Put the female headers on the wires and bend at a 90 degree angle so you can solder the wires in.
Then bend back straight.
Put hot glue between the headers and the Slip Ring.
Cut some shrink wrap to cover the assembly excessively long. It is important to push the shrink wrap down as you heat it. This will create a stop, such that the Slip Ring cannot be pushed out of the bearing.
Shrink the shrink wrap with a heat gun (hair dryer if you have to). Cut the excess shrink wrap off.
Assemble the 3D housing with the 6-32 nut and screw, the M2 nut and screw, and thread in the two number 1 screws. By pre-threading the number 1 screws and then removing them, you have set up the necessary threading in the plastic. (again, the screw that appears in front isn’t in a version you will have, please ignore)
Use super glue or epoxy to afix the bearing into the 3D printed housing. It’s a good idea to put the glue on the plastic and then place the assembly in the plastic (this keeps the glue away from the moving parts). Place the Bush Block over the slip ring (there is an orientation to the Brush Block; the side with more length between the side and the brush should face the 3D printed house).

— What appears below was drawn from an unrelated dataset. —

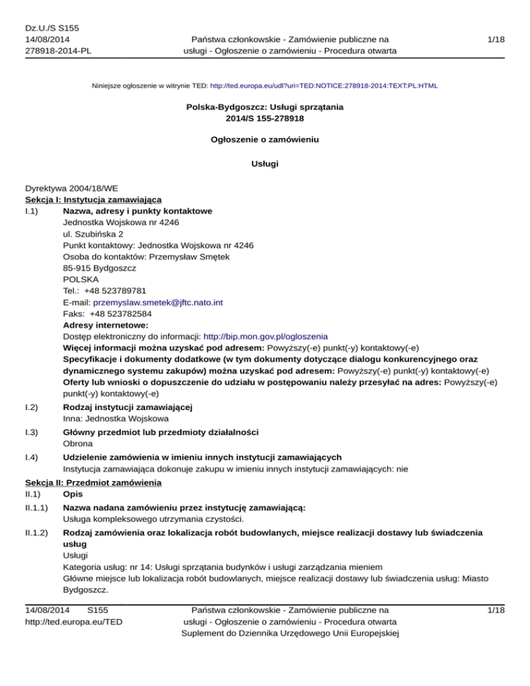 Dz.U./S S155 14/08/2014 278918-2014-PL Państwa członkowskie - Zamówienie publiczne na usługi - Ogłoszenie o zamówieniu - Procedura otwarta 1/18 Niniejsze ogłoszenie w witrynie TED: http://ted.europa.eu/udl?uri=TED:NOTICE:278918-2014:TEXT:PL:HTML Polska-Bydgoszcz: Usługi sprzątania 2014/S 155-278918 Ogłoszenie o zamówieniu Usługi Dyrektywa 2004/18/WE Sekcja I: Instytucja zamawiająca I.1) Nazwa, adresy i punkty kontaktowe Jednostka Wojskowa nr 4246 ul. Szubińska 2 Punkt kontaktowy: Jednostka Wojskowa nr 4246 Osoba do kontaktów: Przemysław Smętek 85-915 Bydgoszcz POLSKA Tel.: +48 523789781 E-mail: [email protected] Faks: +48 523782584 Adresy internetowe: Dostęp elektroniczny do informacji: http://bip.mon.gov.pl/ogloszenia Więcej informacji można uzyskać pod adresem: Powyższy(-e) punkt(-y) kontaktowy(-e) Specyfikacje i dokumenty dodatkowe (w tym dokumenty dotyczące dialogu konkurencyjnego oraz dynamicznego systemu zakupów) można uzyskać pod adresem: Powyższy(-e) punkt(-y) kontaktowy(-e) Oferty lub wnioski o dopuszczenie do udziału w postępowaniu należy przesyłać na adres: Powyższy(-e) punkt(-y) kontaktowy(-e) I.2) Rodzaj instytucji zamawiającej Inna: Jednostka Wojskowa I.3) Główny przedmiot lub przedmioty działalności Obrona I.4) Udzielenie zamówienia w imieniu innych instytucji zamawiających Instytucja zamawiająca dokonuje zakupu w imieniu innych instytucji zamawiających: nie Sekcja II: Przedmiot zamówienia II.1) Opis II.1.1) Nazwa nadana zamówieniu przez instytucję zamawiającą: Usługa kompleksowego utrzymania czystości. II.1.2) Rodzaj zamówienia oraz lokalizacja robót budowlanych, miejsce realizacji dostawy lub świadczenia usług Usługi Kategoria usług: nr 14: Usługi sprzątania budynków i usługi zarządzania mieniem Główne miejsce lub lokalizacja robót budowlanych, miejsce realizacji dostawy lub świadczenia usług: Miasto Bydgoszcz. 14/08/2014 S155 http://ted.europa.eu/TED Państwa członkowskie - Zamówienie publiczne na usługi - Ogłoszenie o zamówieniu - Procedura otwarta Suplement do Dziennika Urzędowego Unii Europejskiej 1/18 Dz.U./S S155 14/08/2014 278918-2014-PL Państwa członkowskie - Zamówienie publiczne na usługi - Ogłoszenie o zamówieniu - Procedura otwarta 2/18 Kod NUTS PL613 II.1.3) Informacje na temat zamówienia publicznego, umowy ramowej lub dynamicznego systemu zakupów (DSZ) Ogłoszenie dotyczy zamówienia publicznego II.1.4) Informacje na temat umowy ramowej II.1.5) Krótki opis zamówienia lub zakupu Przedmiotem zamówienia jest usługa kompleksowego utrzymania czystości na terenie kompleksów przy ulicy Szubińskiej 2, ul. Szubińskiej 105 w Bydgoszczy, polegająca w szczególności na sprzątaniu budynków, sprzątaniu oraz odśnieżaniu chodników, placów, dróg i ulic, sprzątaniu i utrzymaniu terenów zielonych, w zakresie i na zasadach szczegółowo określonych w SIWZ oraz zgodnie z obowiązującymi przepisami. II.1.6) Wspólny Słownik Zamówień (CPV) 90910000, 90911200, 90911300, 90914000, 90610000, 90620000, 90630000, 77300000, 77310000, 75251120, 77320000, 50800000 II.1.7) Informacje na temat Porozumienia w sprawie zamówień rządowych (GPA) Zamówienie jest objęte Porozumieniem w sprawie zamówień rządowych (GPA): nie II.1.8) Części To zamówienie podzielone jest na części: tak Oferty można składać w odniesieniu do jednej lub więcej części II.1.9) Informacje o ofertach wariantowych Dopuszcza się składanie ofert wariantowych: nie II.2) Wielkość lub zakres zamówienia II.2.1) Całkowita wielkość lub zakres: Przedmiot zamówienia podzielony jest na 4 zadania: Zadanie nr 1 usługa kompleksowego utrzymania czystości na terenie kompleksu przy ulicy Szubińskiej 2 w Bydgoszczy - budynki nr 1, 2, 3, 4, 5 i 6, Zadanie nr 2 usługa kompleksowego utrzymania czystości na terenie kompleksu przy ulicy Szubińskiej 2 w Bydgoszczy - tereny zewnętrzne, Zadanie nr 3 usługa kompleksowego utrzymania czystości na terenie kompleksu przy ulicy Szubińskiej 105 w Bydgoszczy - budynki nr 2, 4, 19 i 140, Zadanie nr 4 usługa kompleksowego utrzymania czystości na terenie kompleksu przy ulicy Szubińskiej 105 w Bydgoszczy - budynki i tereny zewnętrzne. Opis przedmiotu zamówienia – określenie zakresów: a. Zadanie nr 1 a) Zakres A1 – sprzątanie w budynkach nr 2 (z wyłączeniami), 4, 5 i 6 – w dniach roboczych (powierzchnia 8 827 m2), b) Zakres A2 – sprzątanie w budynkach nr 1, 2 (z wyłączeniami) i 3 – w dniach roboczych (powierzchnia 4 187 m2), c) Zakres B1 – sprzątanie w budynkach nr 2, 5, 6 – w dniach roboczych (powierzchnia szacunkowa 3 700 m2), d) Zakres B2 – sprzątanie w budynkach nr 2, 5, 6 – w soboty, niedziele i święta (powierzchnia szacunkowa 4 700 m2), e) Zakres B3 – sprzątanie innych obiektów (np. namiotu) – w dniach roboczych (powierzchnia szacunkowa 700 m2), f) Zakres B4 – sprzątanie innych obiektów (np. namiotu) – w soboty, niedziele 14/08/2014 S155 http://ted.europa.eu/TED Państwa członkowskie - Zamówienie publiczne na usługi - Ogłoszenie o zamówieniu - Procedura otwarta Suplement do Dziennika Urzędowego Unii Europejskiej 2/18 Dz.U./S S155 14/08/2014 278918-2014-PL Państwa członkowskie - Zamówienie publiczne na usługi - Ogłoszenie o zamówieniu - Procedura otwarta 3/18 i święta (powierzchnia szacunkowa 700 m2), g) Zakres B5 – prace dodatkowe (szacunkowa ilość roboczogodzin - 100). Zadanie nr 2 a) Zakres C1 – sprzątanie i utrzymanie terenów zewnętrznych przyległych do budynków nr 2, 4, 5 i 6 – usługa świadczona w okresie od 1 kwietnia do 31 października (powierzchnia 30 380 m2), b) Zakres C2 – sprzątanie i utrzymanie terenów zewnętrznych przyległych do budynków nr 1, 3 i 10 – usługa świadczona w okresie od 1 kwietnia do 31 października (powierzchnia 5 843 m2), c) Zakres C3 – sprzątanie i utrzymanie terenów zewnętrznych przyległych do budynków nr 2, 4, 5 i 6 – usługa świadczona w okr

Pull the Brush Block down and screw in place with the two number one screws. Strip the wires that will attach to the Brush Block (for the Miniscope, this will connect to the DAQ). It is easier to start with the ground wire of the coaxial cable. Try to thread it through the holes of the Brush Block at least twice. Then solder it in place. Cut any excess wires to ensure they is no shorting (probably a good time to check for shorts with a DMM). Cover the solders with hot glue.
Now let’s assemble the wires assembly to the recording device (Miniscope!). Take the break away headers and cut off another set of channels. Strip the wires and wrap around the legs of the headers. Again, it’s easier to start with ground.
Make this assembly more ridged by adding hot glue and shrink wrap. Try to make the wire centered when adding the heat to the shrink wrap. Test electrical connection and for shorts with a DMM. Here is a picture of the assembly outside of the 3D printed housing.
(!) I strongly recommend that you use pliers or something to hold onto each side whenever you connect/disconnect the system(!).
And of course it is critical to now test and verify the orientation of the polarity. After you are sure that you have the orientation correct, you can paint each side of the connector. I used my wife’s nail polish. It’s the perfect crime; she is sure to never read this, and she has little reason to suspect I would steal her nail polish.
Put the Cap over the assembly and screw in place with the Screw, Number 1 Size. This cap is much larger than necessary for the 2 circuit shown, but can immediatly accomidate the larger 10 circuit system suggested.
ONE Core acknowledgement
Please acknowledge the ONE Core facility in your publications. An appropriate wording would be:
“Engineering support was provided by the Optogenetics and Neural Engineering Core at the University of Colorado Anschutz Medical Campus, funded in part by the National Institute of Neurological Disorders and Stroke of the National Institutes of Health under award number P30NS048154.”